Пусть умирают дураки - Пьюзо Марио. Страница 68
Глава 25
Сексуальный пудель выжил, поэтому та леди не стала подавать в суд. Похоже, она не имела ничего против того, что ей разбили лицо, либо это не было важно для нее или ее мужа. Может, ей это даже доставило удовольствие. Она послала Осано записку в дружественном духе, оставляя дверь для их возможной встречи открытой. Осано издал смешной рыкающий звук и выбросил послание в корзину для бумаг.
— Почему бы не дать ей шанс? — спросил я. — Она, возможно, интересна.
— Я не люблю бить женщин, — сказал Осано. — А эта стерва хочет, чтобы я использовал ее как подвесную грушу.
— Возможно, это вторая Венди, — сказал я. Я знал, что у Венди всегда было по отношению к Осано чувство какого-то восхищения, и это несмотря на то, что все эти годы они были в разводе, и несмотря на все неприятности, которые она ему доставляла.
— О, Господи, — сказал он. — Мне этого как раз и не хватает.
Но он улыбнулся. Он понял, что я имею в виду. Что, возможно, бить женщин не так уж для него и неприятно. Но он хотел показать мне, что я не прав.
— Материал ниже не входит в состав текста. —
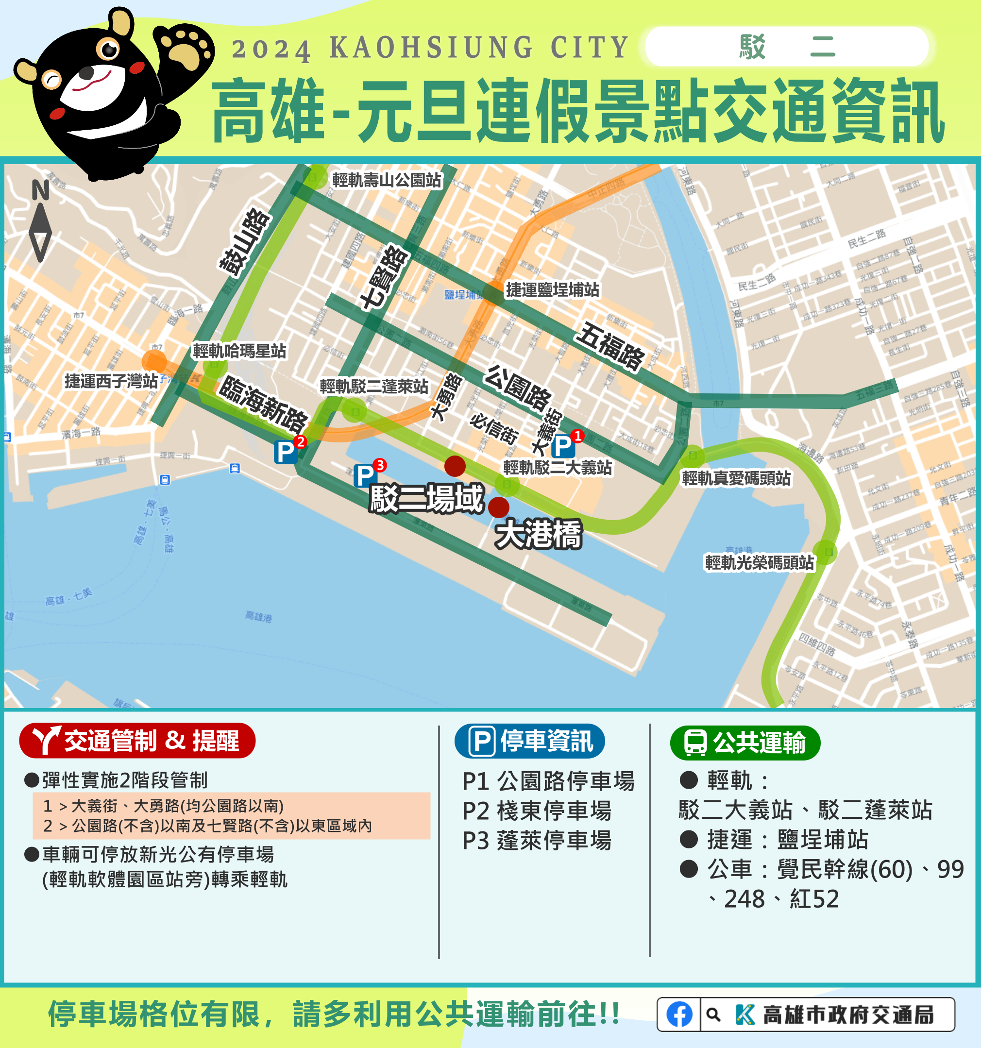 113年元旦3天連假高雄市有夢時代跨年晚會、義大世界跨年焰火等活動,活動會場及各景點周邊人車潮眾多,停車位有限,捷運、輕軌配合機動加密班次疏運,鼓勵大家多搭乘公共運輸前往,省錢又便利,避免塞車與停車焦慮。

— Из всех моих жен только Венди заставляла меня бить ее, — сказал он. — Все остальные трахались с моими лучшими друзьями, воровали у меня деньги, выбивали себе содержание, распускали обо мне слухи, но я никогда до них и пальцем не дотронулся, никогда потом не чувствовал к ним вражды. Со всеми остальными женами я в дружеских отношениях. Но эта долбанная Венди — та еще птица. Класс в своем роде. Если бы мы тогда не развелись, я бы наверняка ее убил.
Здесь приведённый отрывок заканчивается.